Robust Video Frame Classification in Bronchoscopy

Open Access
Mctaggart, Matthew Ira
Graduate Program:
Electrical Engineering
Master of Science
Document Type:
Master Thesis
Date of Defense:
July 18, 2018
Committee Members:
  • William E. Higgins, Thesis Advisor
  • William K. Jenkins, Committee Member
  • bronchoscopy
  • endobronchial video summarization
  • lung cancer
  • image-guided procedures
  • endoscopic procedures
  • machine learning
  • artificial intelligence
  • surgical application
  • interventional application
During bronchoscopy, a physician uses the endobronchial video to help navigate and observe the inner airways of a patient's lungs for lung cancer assessment. After the procedure is completed, the video typically contains a significant number of uninformative segments. The video frames become uninformative when the video becomes too dark, too blurry, or indistinguishable due to a build-up of mucus, blood, or water within the airways. In this thesis, we developed a robust and automatic method to classify each frame in an endobronchial video sequence as informative or uninformative. In addition, we accessed the efficacy and significance of quantitative measures for labeling uninformative frames. Finally, we implemented a method to generate an optional specular-reflection-masked video sequence to indicate regions of the video subjected to specular reflection. To develop our frame-classification system, we considered two approaches. Our first approach, referred as the Classifier Approach, focused on using image-processing techniques, while our second approach, the Deep-Learning Approach, utilized deep learning for video frame classification. Each approach had four steps and processed the video, frame by frame.
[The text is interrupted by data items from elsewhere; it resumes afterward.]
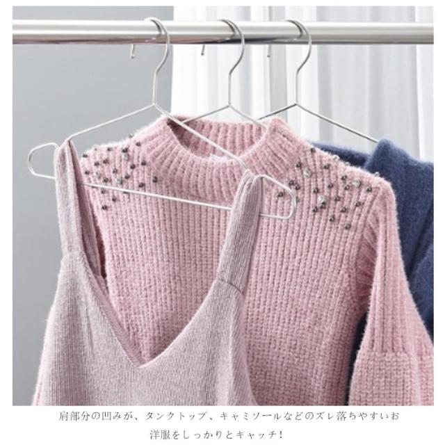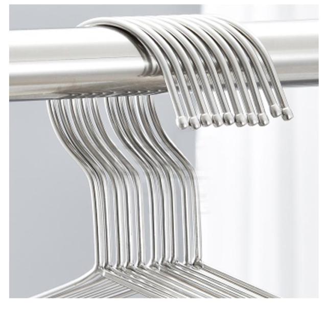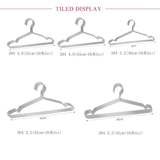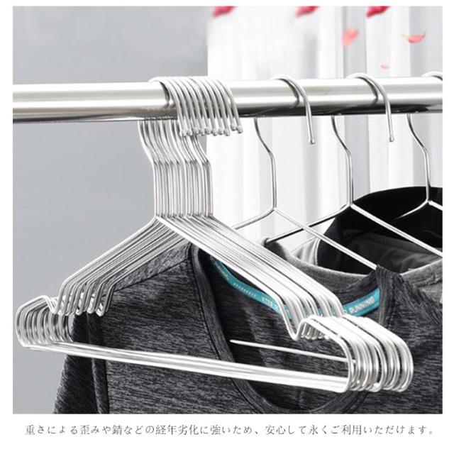 | 10本セット!シンプルでスタイリッシュなステンレスハンガー。 重さによる歪みや錆などの経年劣化に強いため、安心して永くご利用いただけます。 肩部分の凹みが、タンクトップ、キャミソールなどのズレ落ちやすいお洋服をしっかりとキャッチ! 先端に滑り止め加工されているので滑りにくく、洋服を傷つける心配もなし。 溶接部分もしっかり加工されているので、頑丈で壊れにくい。 | |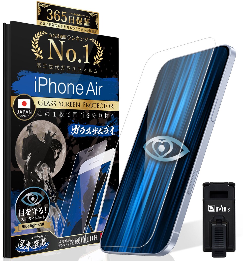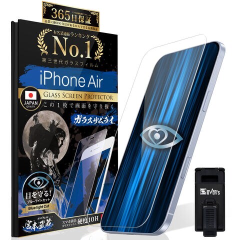 ガラスザムライ iPhone Air ガラスフィルム ブルーライトカット 10H 国産ガラス素材 強化ガラス 保護フィルム フィルム 437-blue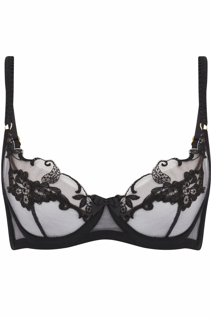 Beautifully balancing romance and rebellion, the Mirabelle Underwired Bra is impossible to resist. The cups are made from soft sheer tulle with tattoo-style embroidered motifs and a satin bow adorns the centre. Pair it with the Mirabelle brief for everyday elegance, or the Mirabelle ouvert in the boudoir.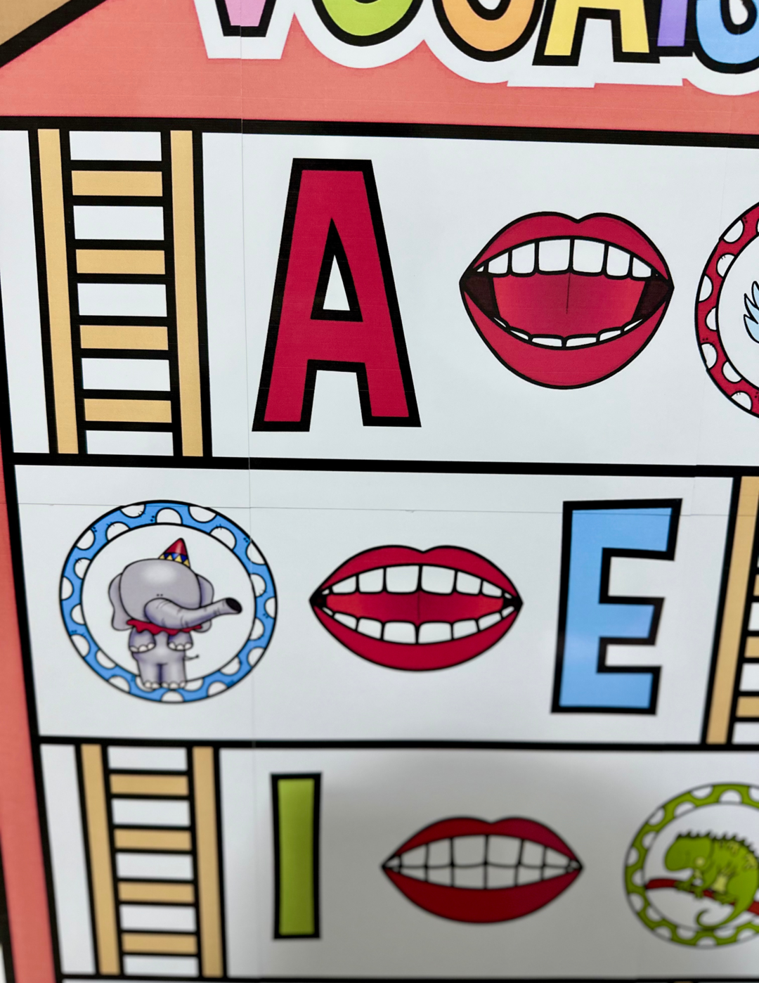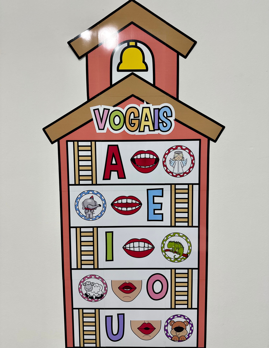 Painel Vogais para trabalhar o tema com crianças da Educação Infantil. Material ilustrado com figuras que iniciam com cada vogal, e também com as boquinhas fono articulatórias representandoo som de cada vogal. Medidas do painel montado: 1,2m de altura e 52cm de largura.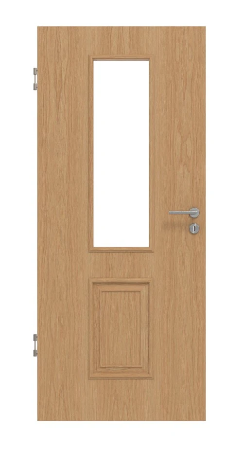 Auf dem natürlichen Eichendekor zeichnen sich dunkle Linien ab. Die eingeprägte Struktur hebt die Maserungen haptisch hervor. Dank der stilvollen Profilleisten erhält das Türblatt einen klassischen Look. Durch den Glasausschnitt im oberen Türbereich dringt viel Licht in Ihre Räume.

The first step in our method was to preprocess a video frame. Afterwards, a feature vector was extracted. Next, the video frame was classified from the feature vector through the use of a support vector machine for the Classifier Approach, and a softmax classifier for the Deep-Learning Approach. Finally as the last step, the optional specular-reflection mask was computed. Using the Classifier Approach, we achieved an accuracy of 78.8%, a sensitivity of 93.9%, and a specificity of 62.8%. The Deep-Learning Approach, gave slightly improved performance, with an accuracy of 87.3%, a sensitivity of 87.1%, and a specificity of 87.6%. We concluded that edge-based image-processing techniques are not sufficient to discriminate between informative and uninformative video frames in bronchoscopy.